### Extracted records
┌──
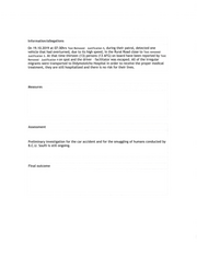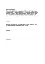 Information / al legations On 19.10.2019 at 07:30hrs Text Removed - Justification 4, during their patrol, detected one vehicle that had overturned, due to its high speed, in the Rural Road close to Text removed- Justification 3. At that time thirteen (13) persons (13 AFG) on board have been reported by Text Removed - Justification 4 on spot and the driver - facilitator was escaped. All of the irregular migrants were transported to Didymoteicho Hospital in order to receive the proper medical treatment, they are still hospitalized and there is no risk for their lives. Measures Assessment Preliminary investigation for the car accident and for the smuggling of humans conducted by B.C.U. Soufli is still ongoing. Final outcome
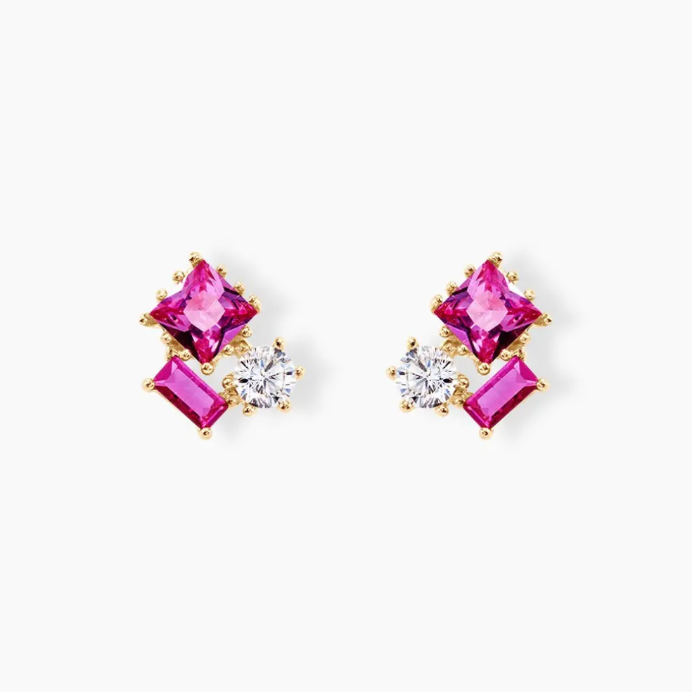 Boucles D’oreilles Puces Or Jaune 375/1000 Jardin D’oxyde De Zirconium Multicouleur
└──
┌──
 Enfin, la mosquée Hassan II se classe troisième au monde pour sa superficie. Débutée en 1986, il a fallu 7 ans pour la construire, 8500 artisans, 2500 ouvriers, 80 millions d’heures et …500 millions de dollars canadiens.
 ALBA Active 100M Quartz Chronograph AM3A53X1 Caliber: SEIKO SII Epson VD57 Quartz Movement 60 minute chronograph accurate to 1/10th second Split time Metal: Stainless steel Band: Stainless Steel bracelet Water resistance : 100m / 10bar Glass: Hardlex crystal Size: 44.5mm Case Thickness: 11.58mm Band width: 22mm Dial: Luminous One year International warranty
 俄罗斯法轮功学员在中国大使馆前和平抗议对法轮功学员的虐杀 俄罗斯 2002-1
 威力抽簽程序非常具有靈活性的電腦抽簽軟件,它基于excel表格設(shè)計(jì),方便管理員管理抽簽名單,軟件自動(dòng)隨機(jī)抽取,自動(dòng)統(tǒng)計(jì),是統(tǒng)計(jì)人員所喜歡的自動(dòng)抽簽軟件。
└──
The answer is the run of lines above from the line containing "ALBA Active 100M" through the line containing "俄罗斯法轮功学员在中国大使馆前和平抗议对法轮功学员的虐杀 俄罗斯 2002-1", copied exactly and alone.

### Exercise result
 ALBA Active 100M Quartz Chronograph AM3A53X1 Caliber: SEIKO SII Epson VD57 Quartz Movement 60 minute chronograph accurate to 1/10th second Split time Metal: Stainless steel Band: Stainless Steel bracelet Water resistance : 100m / 10bar Glass: Hardlex crystal Size: 44.5mm Case Thickness: 11.58mm Band width: 22mm Dial: Luminous One year International warranty
 俄罗斯法轮功学员在中国大使馆前和平抗议对法轮功学员的虐杀 俄罗斯 2002-1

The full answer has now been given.